I was in the Gobi Desert in Mongolia. One morning as I stood outside the ger where I was staying I listened. I didn’t hear a thing. No traffic noise, no people talking, no music playing, no birds chirping, no dogs barking, no insects buzzing, no running water. It was a unique experience.
Silence is unfamiliar to us. We live in such a noisy world. Some people get uncomfortable with silence and turn on the TV or music as soon as they get in the house. Silence in a conversation can feel awkward and lead people to say something to break the silence, even if they have nothing to say.
The terrible trials Job suffered led three of his friends to come to comfort him. “… they sat on the ground with him for seven days and seven nights. No one said a word to him, because they saw how great his suffering was” (Job 2:11). Sometimes comfort is shared in silence. At times it is better to share tears rather than words.
Job’s friends comforted in silence for seven days, but then they could no longer contain themselves. They told Job he must have done something evil that made God angry and that was the cause of all his suffering. Their words brought deep hurt instead of comfort.
It’s tempting to think every incorrect statement requires a rebuttal and every problem needs an explanation. When hard things happen often we don’t have a good answer to the question “why?”, and we cause trouble when we try to give one. Sometimes the best response is silence. “A man of knowledge uses words with restraint … Even a fool is thought wise if he keeps silent, and discerning if he holds his tongue” (Proverbs 17:27-28).
Social media makes it easy to use words in abundance. That ease can be harmful and dangerous. Words are powerful. We need to pray for God to give us wisdom, restraint and discernment in using them.
In some matters we are to speak and not be silent. We are not to be silent about our sin. “When I kept silent, my bones wasted away through my groaning all day long. … Then I acknowledged my sin to you and did not cover up my iniquity. I said, ‘I will confess my transgressions to the Lord’ – and you forgave the guilt of my sin” (Psalm 32:3, 5).
We are not to be silent about the great things God has done. “… we will tell the next generation the praiseworthy deeds of the Lord, his power, and the wonders he has done” (Psalm 78:4).

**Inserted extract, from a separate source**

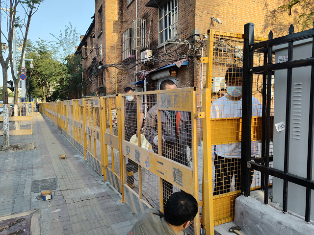 目前疫情防控形勢嚴(yán)峻,4月8日接合肥市疫情防控通知,要求各轄區(qū)內(nèi)“三無”小區(qū)實行臨時封閉管理。由于公司居民住宅小區(qū)交通出入口較多,防控難度較大,為了更好地協(xié)助轄區(qū)政府實施封閉式管理,公司積極響應(yīng)號召,落實后勤綜合服務(wù)部牽頭,機(jī)械分公司全力支持配合,抽調(diào)施工人員、調(diào)遣防護(hù)設(shè)施前往小區(qū)各出入口安裝圍擋,進(jìn)行臨時封閉,經(jīng)過努力圓滿完成了建設(shè)任務(wù)。

Sometimes it feels like God is silent. We pray and we cry out for help, but no response seems to come, at least not as quick and clear as we would like. We plead like David, “To you I call, O Lord my Rock; do not turn a deaf ear to me. For if you remain silent, I will be like those who have gone down to the pit” (Psalm 28:1).
We rejoice that God has spoken, in His Word, the Scriptures. He may seem silent about some things, but He is not silent at all about His love and grace and way of salvation. Jesus is the Word (John 1:1) who communicates clearly that forgiveness, hope and life eternal is offered by faith in Christ.
Wonderfully said! I have to admit I feel God’s presence the most when it’s quiet. Nothing but He and I listening to one another. It’s sad one needs to leave the house to “really listen,” but I’m pretty guilty of that. A walk alone, sitting by the creek , it’s serene and so much needed! And, yes… Often comfort is shared in silence!!